The Women of the Copper Country

The Women of the Copper Country  The Women of the Copper Country by Mary Doria Russell

If you've read any of Mary Doria Russell's books you'll know she does her research and because she does, she brings you right along into the world she is sharing with you.   When I saw her new book is set in my home state and in a city I've visited and frankly, been confused about, I was very anxious to read The Women of the Copper Country.

Copper country is the upper peninsula of Michigan, specifically the Keweenaw Peninsula, a smallish spit of land that juts out into Lake Superior but a bit of land that held an insanely rich vein of copper. Miners are brought in from Wales, Scotland, the Slovakian countries, miners who know how to mine. Miners who don't or can't speak for themselves.

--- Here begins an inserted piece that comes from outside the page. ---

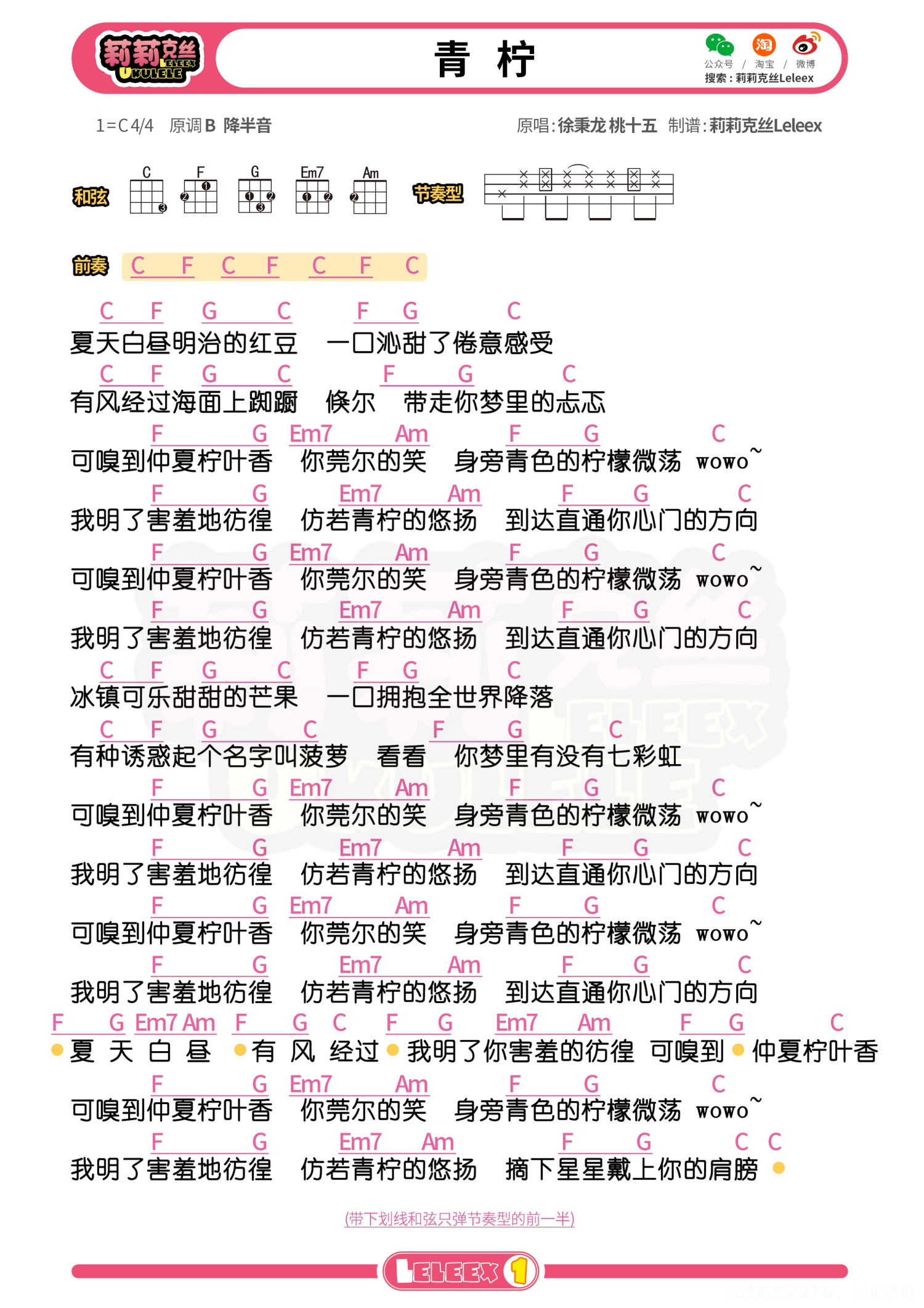 曲谱介绍: 《青柠》尤克里里谱 更多尤克里里曲谱/教学  @莉莉克丝Leleex
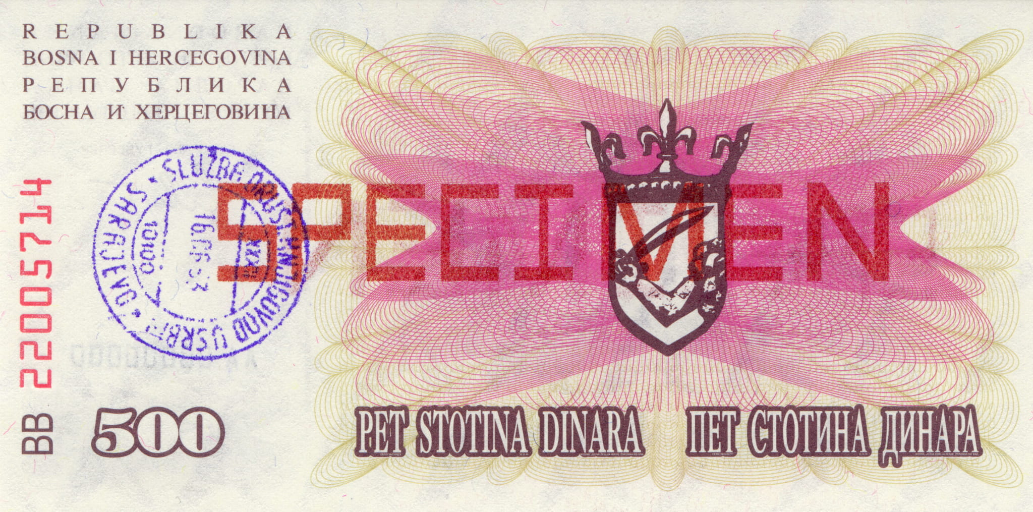 Bośnia i Hercegowina 500 Dinara P-14s SPECIMEN 1992 UNC

This book is a David and Goliath story. Anna Klobuchar Clements is a six foot four inch wonder in Calumet, Michigan. But she's not the giant - she's David.  Annie has lived there her whole life and  watched the men go down the hole and scrape out copper and sometimes climb back out and when they don't she's watched their sons, one after another go down the hole to continue the work so the family can eat.

We know of miner injustices, big mining companies who keep their workers hungry, cold, poor and indebted.  Annie saw the injustices, too, and she didn't like them. She watched this system her whole life and knows what is fair and what isn't.  Maybe it's because of her physical size that she made people take notice when she talked.  Maybe it was her kindness in finding ways to help the wives and mothers try to make their homes better places.  Maybe it was her unhappy marriage.  Maybe it was just that she was the right person at the right time to organize the women.  Organizing the women, demonstrating, collecting clothing for a free clothing bank, food, money, having the right people back you, attracting the attention of the Press, it all seemed like she was walking through a blizzard's strong winds alone but she continued until people DID notice.  She led a strike against the largest mining corporation in the world with 10,000 people marching behind her. She led the strike for an entire winter (and let me tell you, winters in the Upper Peninsula are legendary) and then had to make a decision of how far she could go, how much the miners could tolerate, and of course, how long to survive.

This book answered some of the questions I have when I go to Calumet and see the empty beautiful buildings in the city, see the history of the Keweenaw Peninsula written on sign boards of abandoned mines,  and the sad condition of miner's homes still standing up against the homes of former mine  executives.  Some things are obvious, the mines are gone except for tourist attractions, the town failed because the mines are gone, but there are people still hanging on in those houses and the town is hanging on by its fingernails but now when I go there I will take more time.  They deserve my time and attention.